In other embodiments, the security container door 15 can be
situated on the top of the container 14. The exterior door 15 has a
locking mechanism 15a. Various styles of locking mechanisms for the
door are contemplated, ranging from a simple mechanical lock and
key configuration, to a computerized, digital, remotely accessible,
or biometric-based lock system. The particular selection is not
intended to be limiting. An example of a locking mechanism is a
lock having pins, wheels or tumblers that operatively actuate a
bolt in response to a predetermined sequence of operations. The
locking mechanism is operatively actuated by a lock actuator for
locking and unlocking the locking mechanism. The lock actuator may
be any type of identification device. The lock actuator may be
password protected; for instance, the lock actuator may be a keypad
for receiving a corresponding security code to either activate or
deactivate the locking mechanism. Other examples of a lock actuator
may be a rotary dial, a key, a digital key, a card reader, a
bio-identifier that relies on a physical identifying characteristic
of the user, such as a fingerprint, a retinal eye scan, voice
recognition, or the like. Alternatively, the door can be operated
by means of a remotely controlled activating device. If the locking
mechanism is any one of the more technically complex variety, the
security container also can have a fail-safe mechanism to unlock
the container should something malfunction with the computerized
lock system.
[0061] Since the primary purpose of the security container is to
protect any valuables (e.g., money, computer, documents) or to
secure any potentially dangerous objects (e.g., guns, knives)

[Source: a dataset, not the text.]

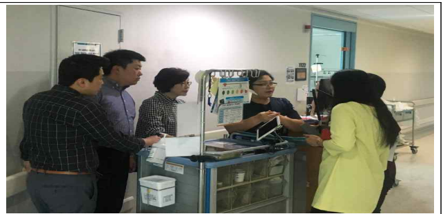
선도병원 역할 수행

inside, the walls of the container should have a sufficient
thickness to prevent easy access or damage to the interior. The
typical container should be sufficiently strong and thick to be
able to withstand or prevent being easily punctured or cut open
with simple hand tools, such as a drill or hacksaw. The walls of
the container can have a thickness of between about a quarter inch
up to about one or two inches. The thickness typically will depend
on the type of material used to construct the container 14, which
can be selected made from a variety of materials. For instance, the
security container typically can be made from hardened or
reinforced steel or steel alloy, cast iron, or some other form of
durable metal or metal-based material, as with other conventional
safes or lock boxes, or alternatively, a durable heavy plastic, a
ceramic, a composite material or the like. The material used in the
security container housing should maintain the structural integrity
of the container. For example, the material should be able to
withstand a certain predetermined temperature level, so as to
protect the contents from fire, or a certain predetermined amount
of force when applied against the container walls.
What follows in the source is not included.